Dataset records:
╭──

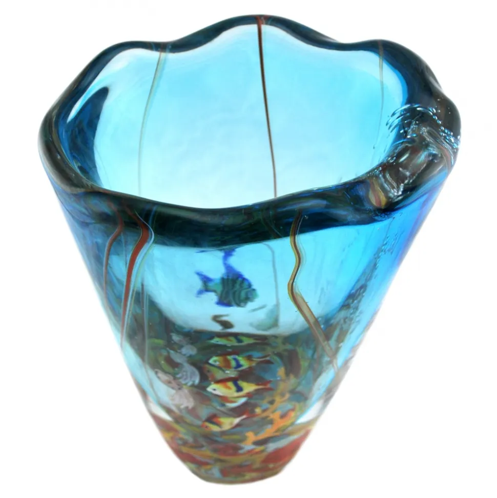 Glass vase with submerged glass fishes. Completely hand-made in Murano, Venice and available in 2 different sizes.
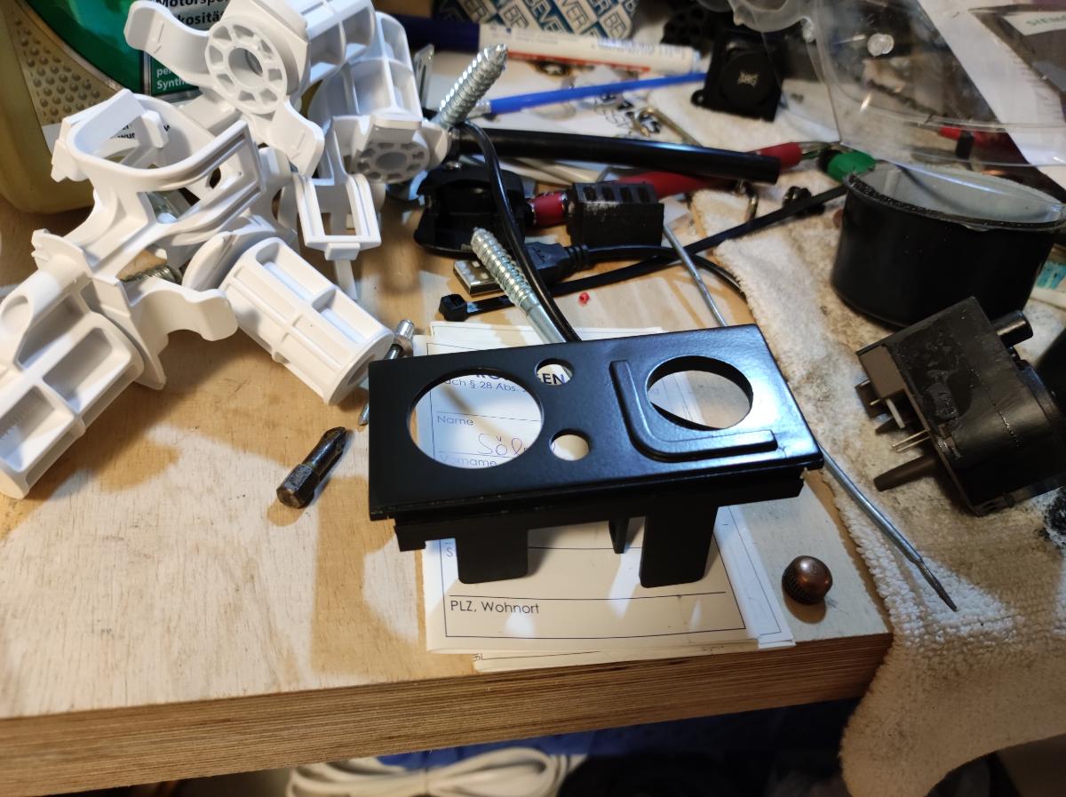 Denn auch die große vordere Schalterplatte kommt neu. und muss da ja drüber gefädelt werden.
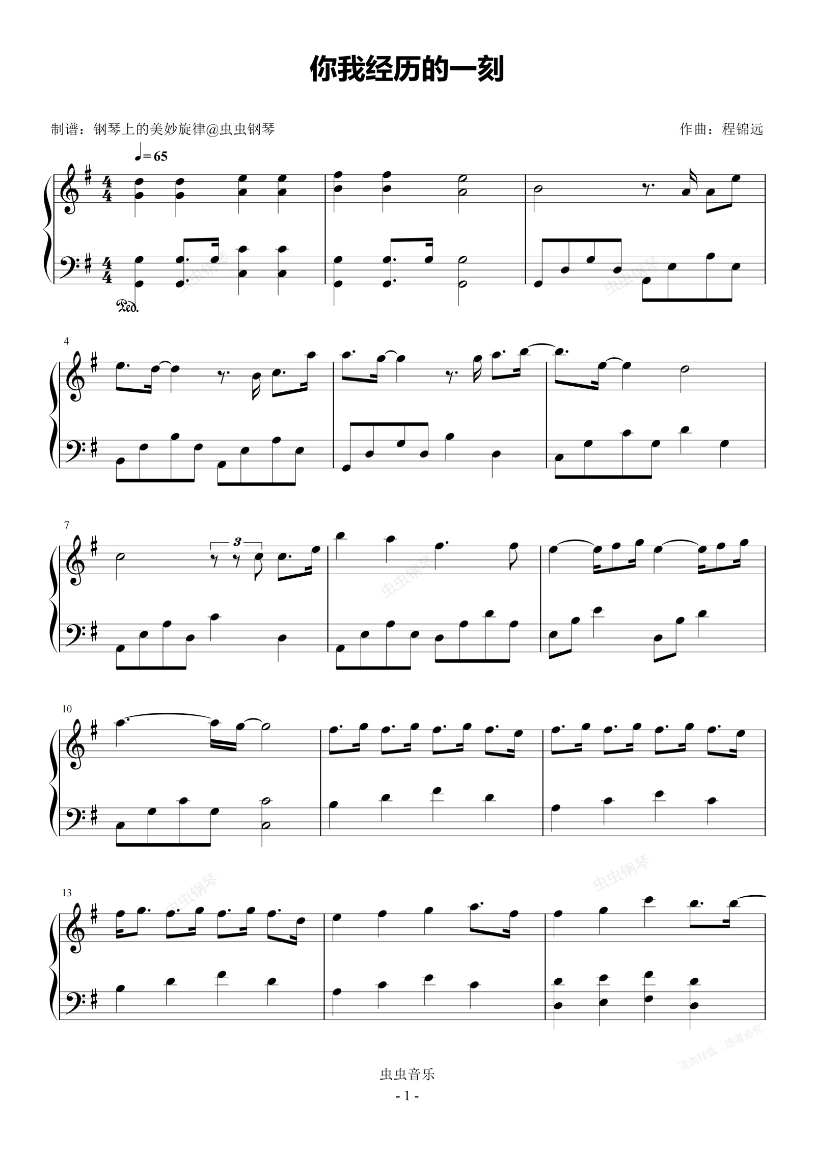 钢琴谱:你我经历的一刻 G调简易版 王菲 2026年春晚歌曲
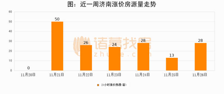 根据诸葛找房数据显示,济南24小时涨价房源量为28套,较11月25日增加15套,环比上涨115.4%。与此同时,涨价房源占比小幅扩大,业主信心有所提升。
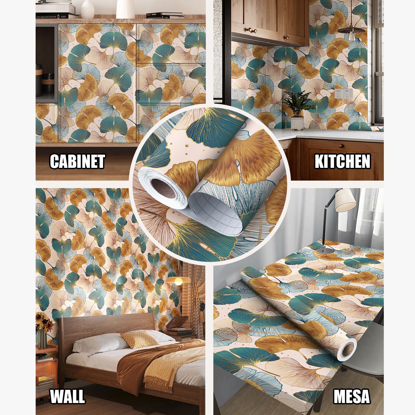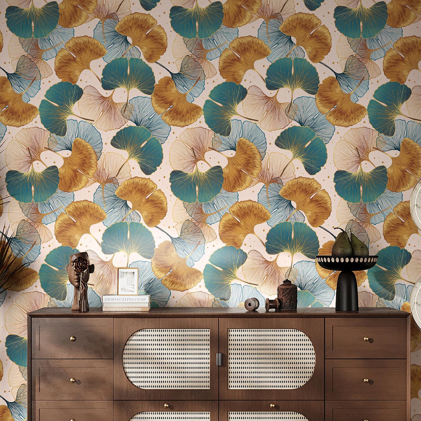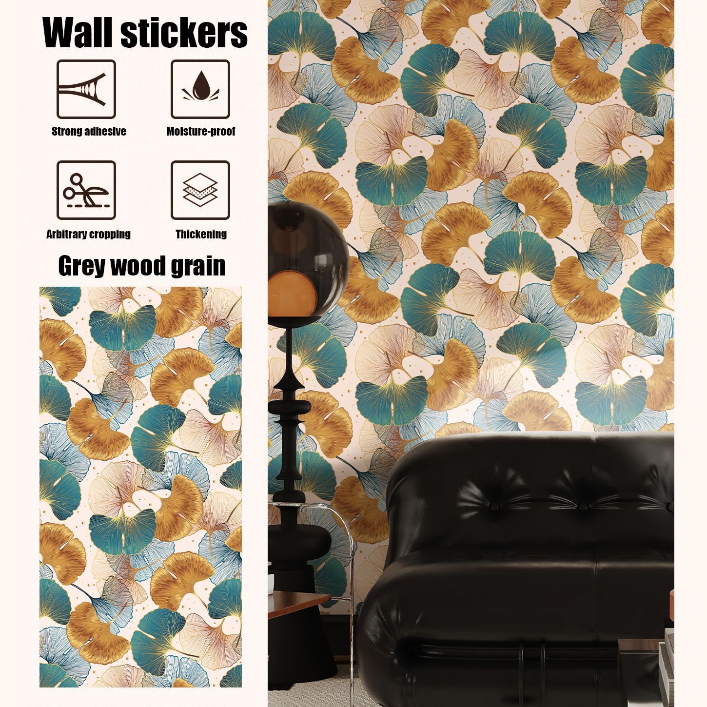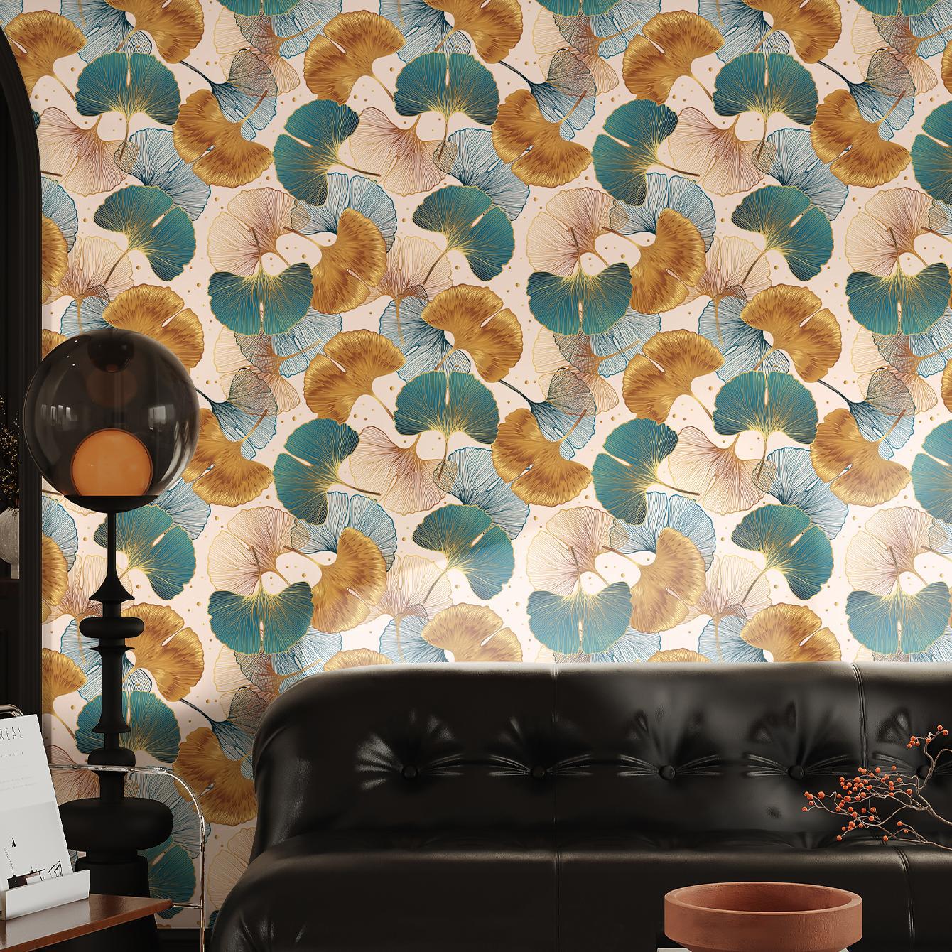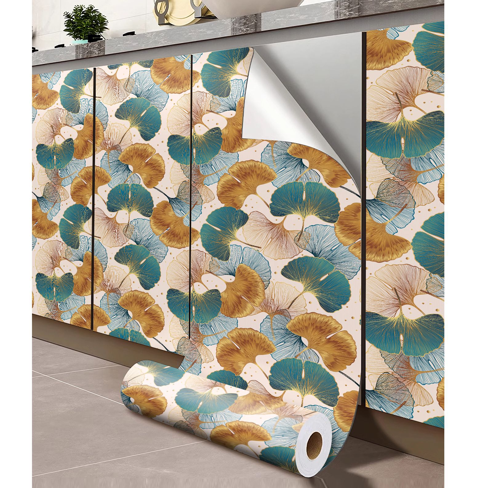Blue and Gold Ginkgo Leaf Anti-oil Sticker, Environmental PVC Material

╰──

## Problem requirements
With all pictures omitted, return exactly the lines from the one containing "钢琴谱:你我经历的一刻 G调简易版 王菲 2026年春晚歌曲" through the end of the entries above.

## Output
 钢琴谱:你我经历的一刻 G调简易版 王菲 2026年春晚歌曲
 根据诸葛找房数据显示,济南24小时涨价房源量为28套,较11月25日增加15套,环比上涨115.4%。与此同时,涨价房源占比小幅扩大,业主信心有所提升。
Blue and Gold Ginkgo Leaf Anti-oil Sticker, Environmental PVC Material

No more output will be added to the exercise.